I’m implementing adding new tokens to a pretrained Transformer model. For that I need to reinitialise the embedding vectors (expand them to include new tokens). However, I noticed that my expand_embeddings
method, when run, breaks something in the model (loss goes up, predictions go rubbish).
Here’s what it looks like:
def expand_embeddings(self, new_vocab_size, device):
# Clone weights from embedding layer
old_embeddings = self.embed.token_embed.weight.data.clone().transpose(0,1).to(device)
# TEST: Don't include new tokens, instead simply reinitialise the layers as you would
# if new tokens were to be added
new_vocab_size = 32004
# Initialise the embedding layer to the old weights
self.embed = EmbeddingLayer(new_vocab_size, self.d_model, self.max_length, old_embeddings).to(device)

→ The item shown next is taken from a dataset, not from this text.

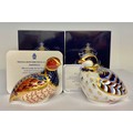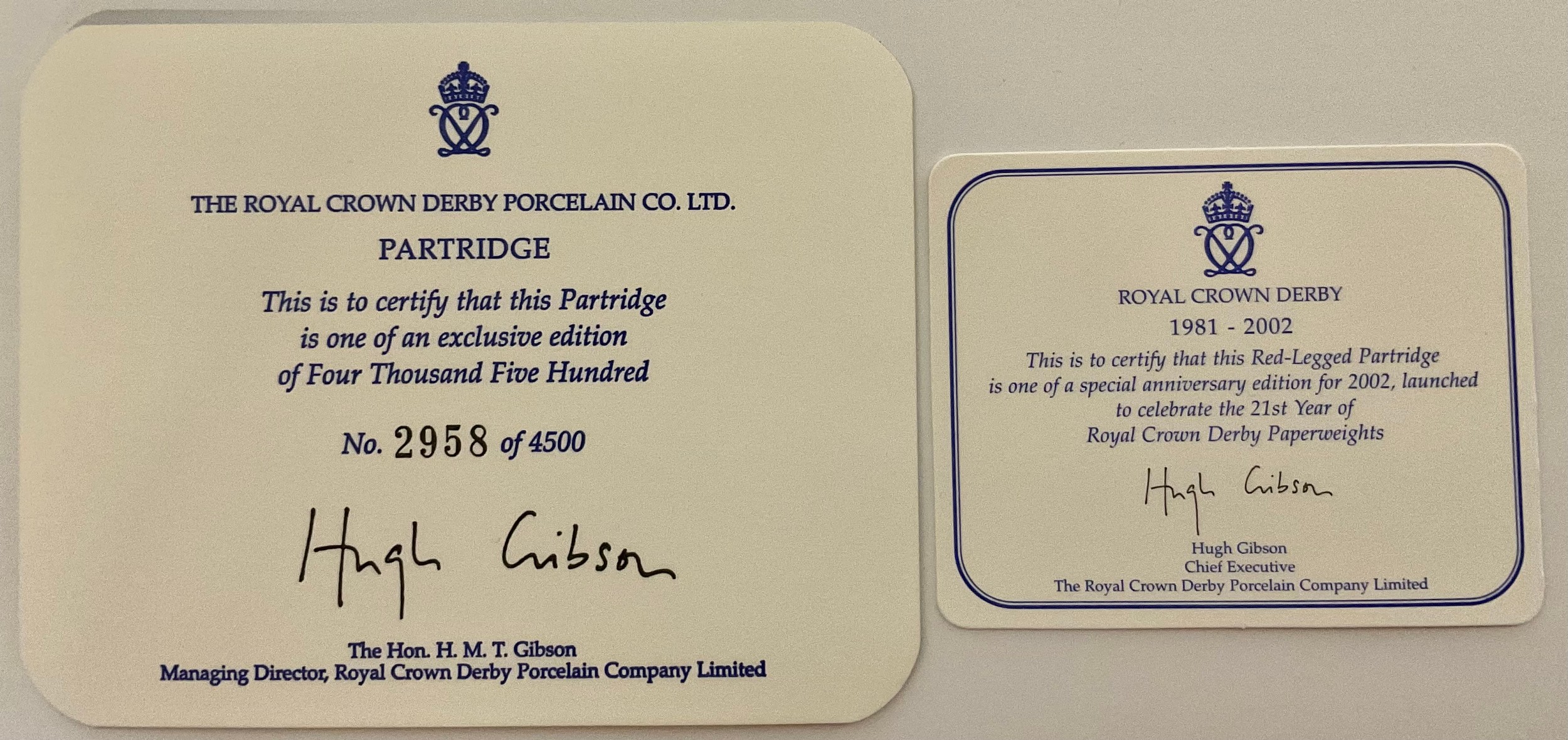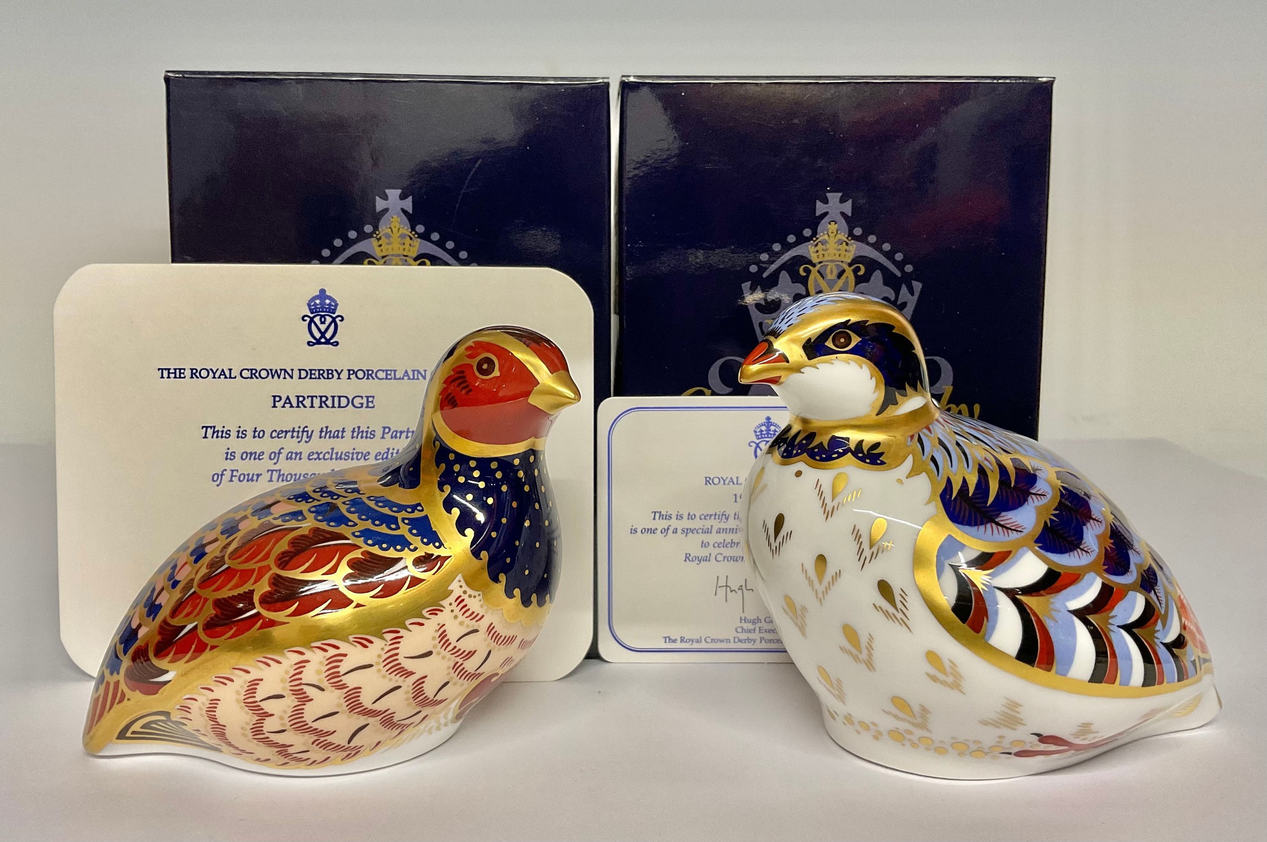 A Royal Crown Derby paperweight, Red Legged Partridge, special anniversary edition for 2002, designed by Tien Manh Dinh, gold stopper, 8.5cm high, printed mark in red, certificate, boxed; another, Partridge, exclusive limited edition 2,958/4,500, gold stopper, 7.5cm high, printed mark in red, certificate, boxed (2)

# Tie weights with the output layer
self.decoder.generator = Generator(self.d_model, new_vocab_size, self.embed.token_embed.weight.data).to(device)
Here are the Generator and EmbeddingLayer init’s for reference:
class Generator(nn.Module):
def __init__(self, d_model, vocab_size, tied_weights):
super(Generator, self).__init__()
self.proj = nn.Linear(d_model, vocab_size)

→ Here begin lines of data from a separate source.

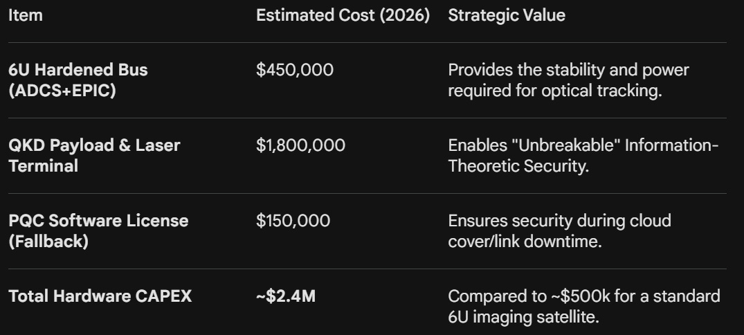 Securing a mission with quantum-grade technology requires a significant CAPEX shift, though emerging “QKD-as-a-Service” models are lowering the barrier to entry.
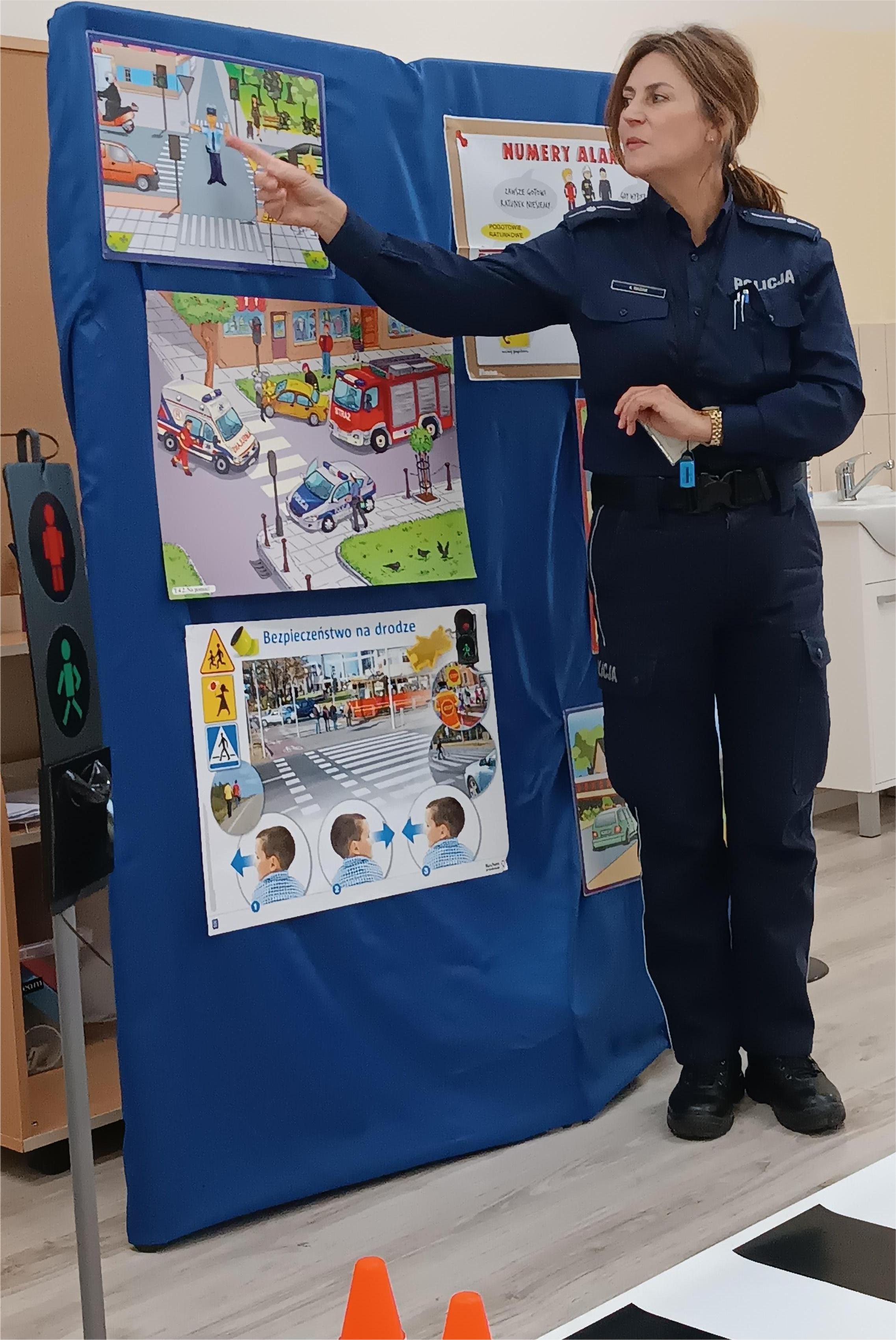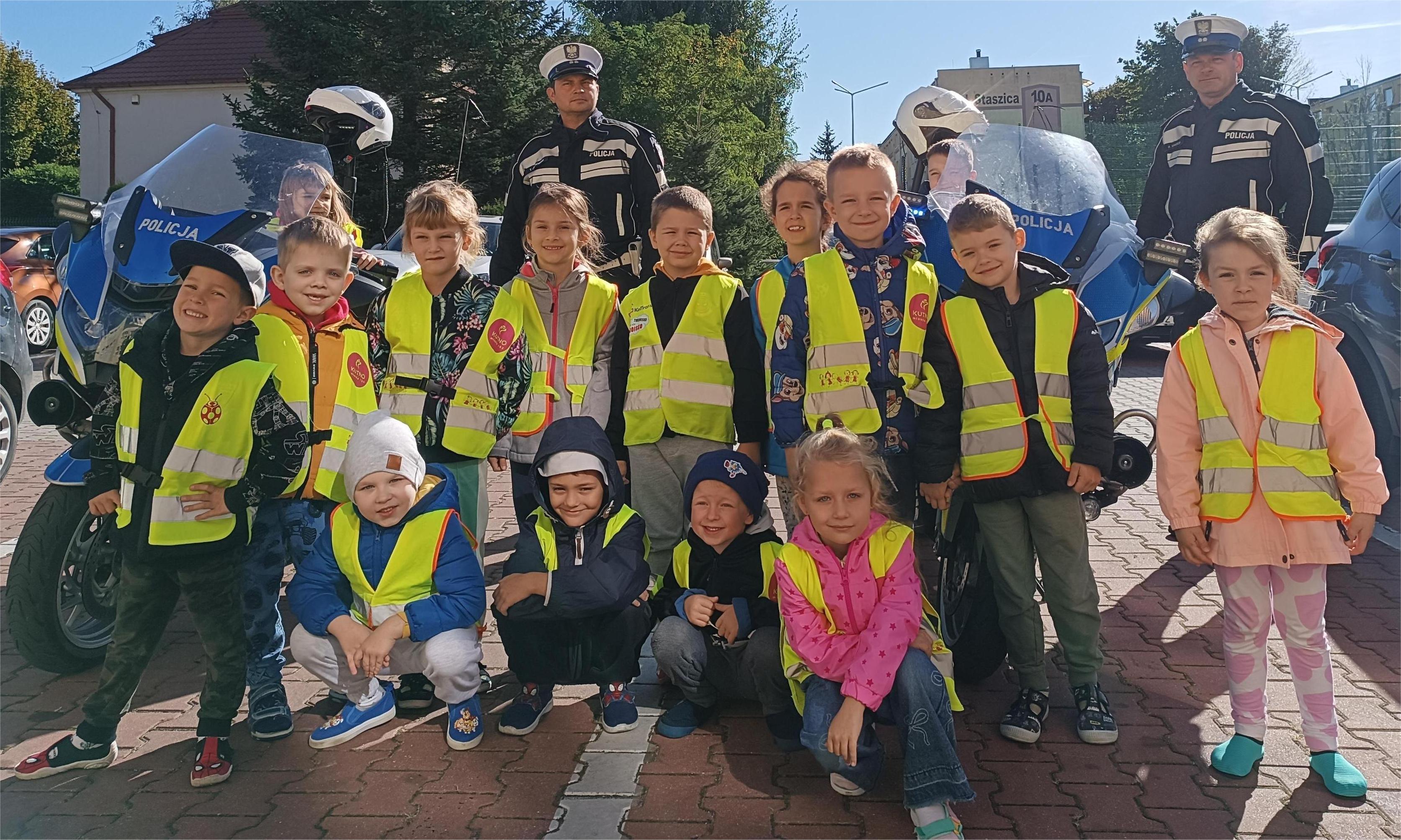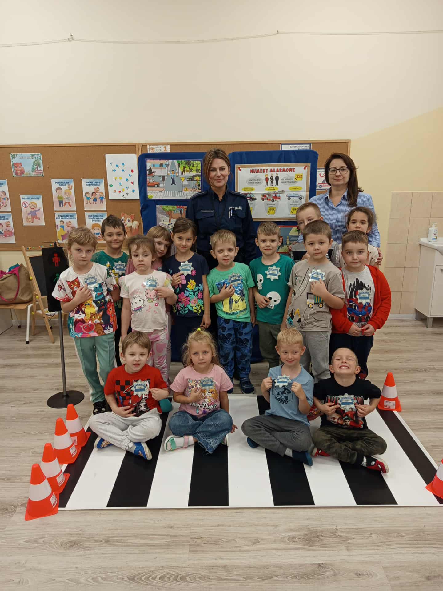 W naszym przedszkolu odbyło się dziś spotkanie z funkcjonariuszami policji. Tematem spotkania było utrwalenie z dziećmi zasad ruchu drogowego. Pani policjantka, w formie praktycznej, przypomniała podstawowe zasady zachowania się podczas przechodzenia przez jezdnię, o konieczności używania kasku podczas jazdy na rowerze oraz o noszeniu elementów odblaskowych. Wytłumaczyła jak należy zachować się w kontaktach z obcymi ludźmi, jak dbać o bezpieczeństwo własne i innych oraz do kogo zwracać się w sytuacji zagrożenia oraz jak powinno być zabezpieczone dziecko w pojeździe podczas podróży. Policjantka poinformowała i zaprezentowała przedszkolakom również , w jaki sposób należy się zachować podczas ataku psa.
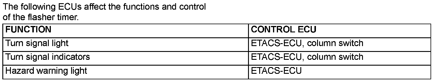 At the same time that the turn-signal lights are illuminated, the ETACS-ECU sends a signal to illuminate the turn-signal light indicator via the CAN bus line. The combination meter receives the transmitted signal and turns the turn-signal light indicator on and off.
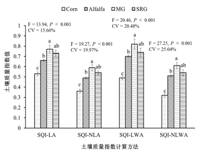 進一步的研究表明,松嫩堿化草地土壤質量評價的最小數據集中包括蔗糖酶活性、N:P、可溶性有機碳含量和不穩定有機碳含量 4個土壤指標。4個土壤質量指數均能準確的反應出土地利用方式對土壤質量的影響,但由于SQI-NLWA在不同土地利用方式間的差異更明顯,變異性更大,能更敏感的反映出土地管理措施的影響,因此更適合研究區內土壤質量的評價。苜蓿地、羊草地和自然恢復草地中土壤質量指數均較高,表明草地恢復顯著改善了研究區內的土壤質量。

self.proj.weight.data = tied_weights
def forward(self, x):
(...)
class EmbeddingLayer(nn.Module):
def __init__(self, vocab_size, d_model, max_length, tied_weights=None):
super(EmbeddingLayer, self).__init__()
self.token_embed = Embedding(vocab_size, d_model)
if tied_weights is not None:
# Must transpose weights since Linear transposes by default but Embedding does not
self.token_embed.weight.data = tied_weights.clone().transpose(0, 1)
self.pos_embed = Embedding(max_length, d_model)
self.vocab_size = vocab_size
def forward(self, x, pos):
(...)
When expand_embeddings
is not run, the training loss starts at 15.12, when it is run it starts at 93.06. However, I’d expect these values to be identical.